# Seitenzahl bei Word



## yani (8. August 2005)

Hallo,

ich habe irgendwie ein PRoblem mit der Seitenzahl.
Normalerweise geht es ja, aber dieses Mal nicht.
also, ich möchte, dass im Deckblatt keine Seitenzahl vorhanden ist. Im Inhaltsverzeichnis, ABbildungsverzeichnis, ABkürzungserzeichnis sollen römische Zahlen sein also I, II, III. Danach soll erst die Zahlen 1,2,.....sein, also wenn mit dem richtigen Inhalt beginnt und bei 22 Seiten aufhören. DAnach kommt ja der Anhang.


Im Moment macht mein PC es so, dass auf der 2. Seite  und folgende die Seitenzahl 1 immer in der Kopfzeile steht und nicht fortlaufend nummeriert.
Was mache ich bloß.

Bitte helft mir.
Danke


----------



## Obba (8. August 2005)

Hallo yani,
also normalerweise kannst Du das ganz einfach unter "Seitenzahl formatieren" angeben.
Am Anfang, wo dann die normale Seitenzählerei beginnt, klickst Du dann also auf die entsprechende Einstellung. Also bei mir hat das einwandfrei geklappt.


----------



## yani (9. August 2005)

Hi,

also bei mir klappt das irgendwie trotzdem nicht.
Wärst Du so nett und kannst mir evtl eine Vorlage in Word zuschicken, in der auf der  

- ersten Seite das Deckblatt ohne Seitenzahl
-zweiten Seite unf folgende Seiten römische Zahlen I, II, III (je nachdem man, wieviel man  braucht)
-auf den nächsten Seiten arabische Zahlen 1, 2, 3,.....
-dann wieder auf den nächsten Seiten römische Zahlen, welches fortlaufend von den obigen Seiten mit  römischen Zahlen fortgesetzt wird. (also, wenn ám ANfang I,II, III, dann für den Anhang hier IV...)

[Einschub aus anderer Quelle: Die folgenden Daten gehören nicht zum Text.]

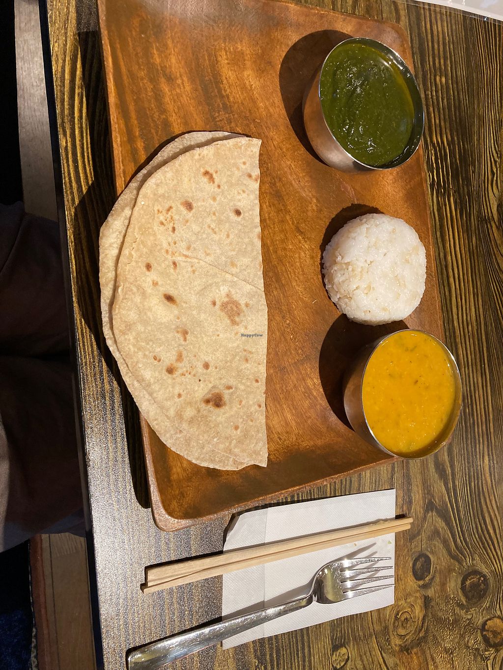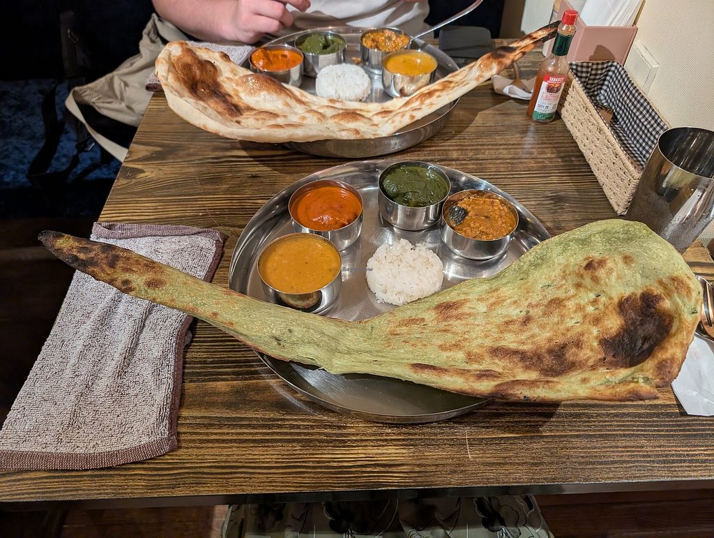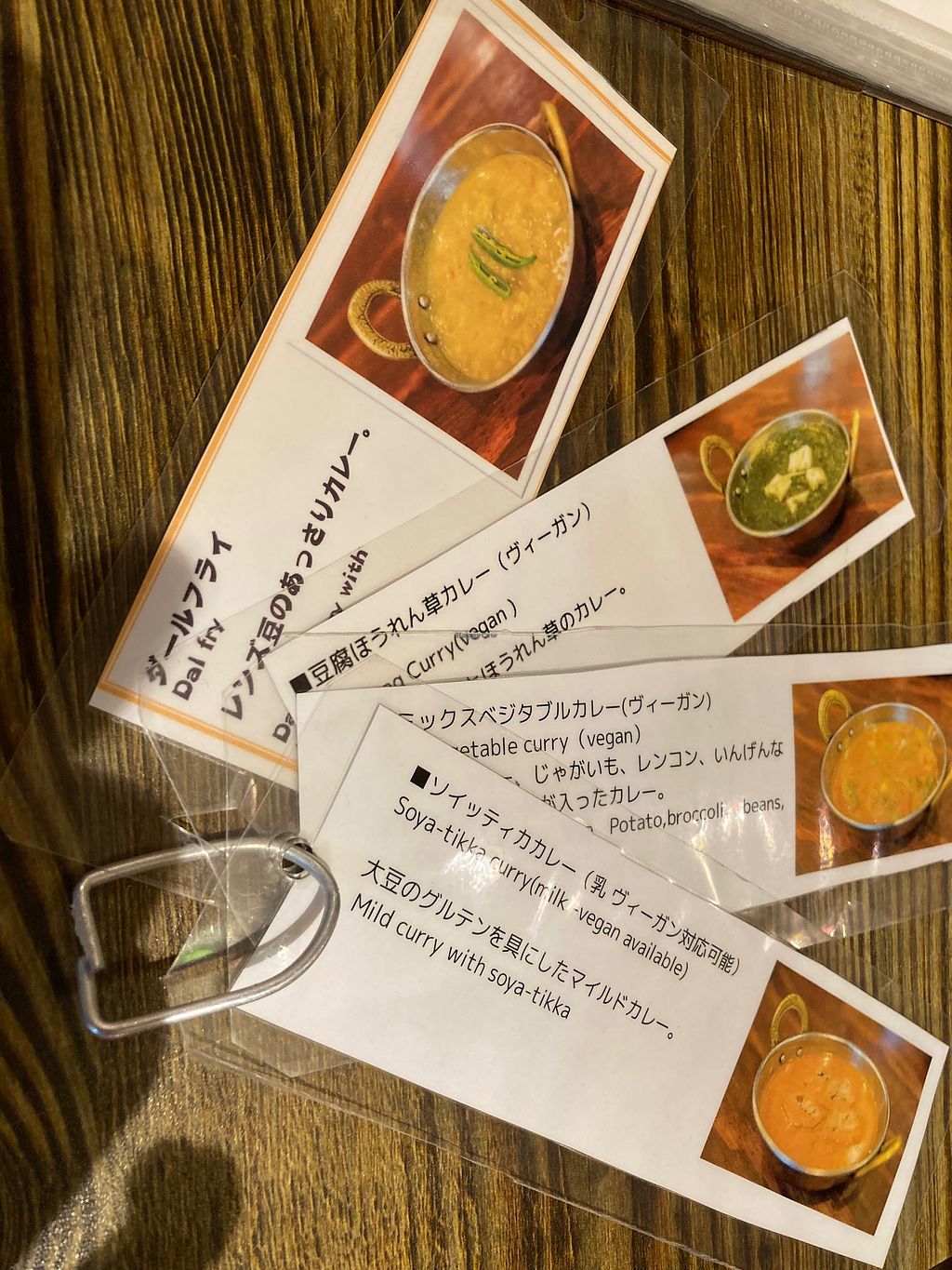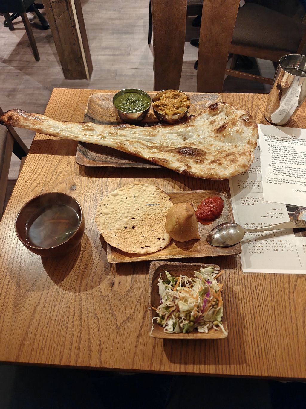 We walked by this restaurant a block from the Kawai Kanjiro house, a wonderful visit for pottery enthusiasts and for traditional Kyoto townhouse architecture. We are so glad we stopped in. We ordered the Namaste lunch set, with 2 choices of vegan curries, bread, salad , soup , a drink and a small dessert. Everything was delicious and easy to share. This restaurant is quiet and welcoming , the waitstaff speak English and there is an English menu. There is room for about 30 guests,with several 6 seat tables , so this would be a great place for groups. Spicing can be specified from mild to hot. We loved the naan and whole wheat paratha.
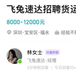 “招聘广告没说需要买车”,刘心开门见山。2024年3月初,他在BOSS直聘平台看到深圳市飞兔速达城配有限公司在“直招送货司机”,薪酬标价8000到1.2万元,并写着“车辆由公司免费提供”。刘心加了招聘人员的微信后,对方不愿多聊,直接约了线下面谈。
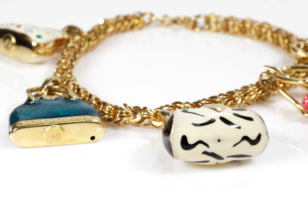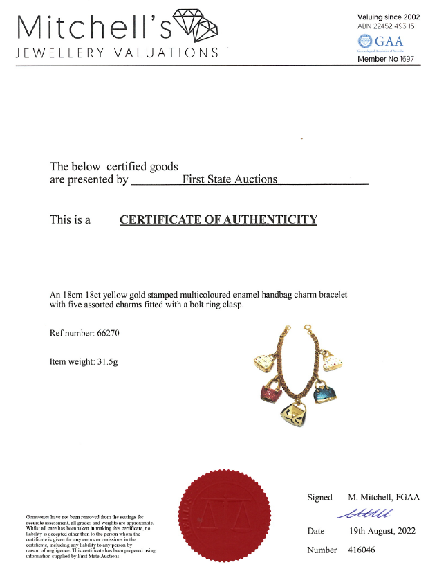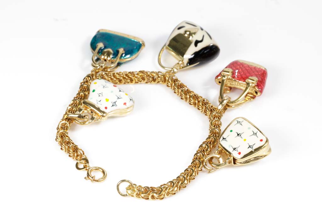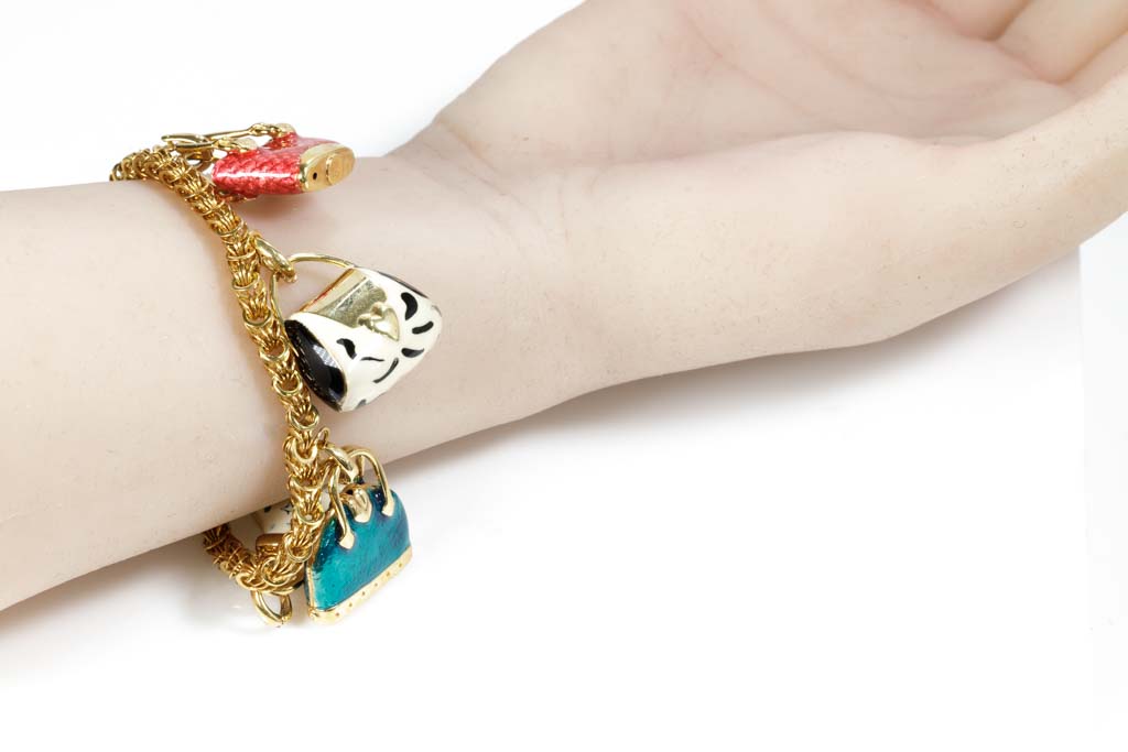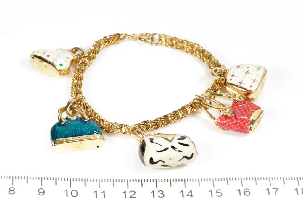 Bracelet with 5 multi-colour enamel hand bag charms. Length: 18cm. 18ct yellow gold. Weight: 31.5g. With Certificate #416046. (pre-owned)

Ich wäre Dir sehr dankbar, wenn Du dies hinbekommst und mir netterweise dies zuschickst. Und kannst mir sagen wie Du es angestellt hast. Ich bin echt am verzweifeln.

yani


----------



## Obba (12. August 2005)

Hallo yani,

also habe gerade nochmal gefummelt. Habe soweit alles ohne Probleme hin bekommen bis auf das Deckblatt    Das kann man vielleicht nochmal extra erstellen und vorne vorhängen.
Du musst nur immer angeben, welches neue Format die Seitenzahl haben soll und beim Formatwechsel nicht angeklickt haben: *Fortsetzen vom vorherigen Abschnitt*
auf der nächsten Seite soll das jedoch wieder passieren, also klickst Du das dann an...

Habe Dir ein paar Seiten vorbereitet. Schick mir mal Deine Mailadresse per PN, dann sende ich Dir das mal zu.


----------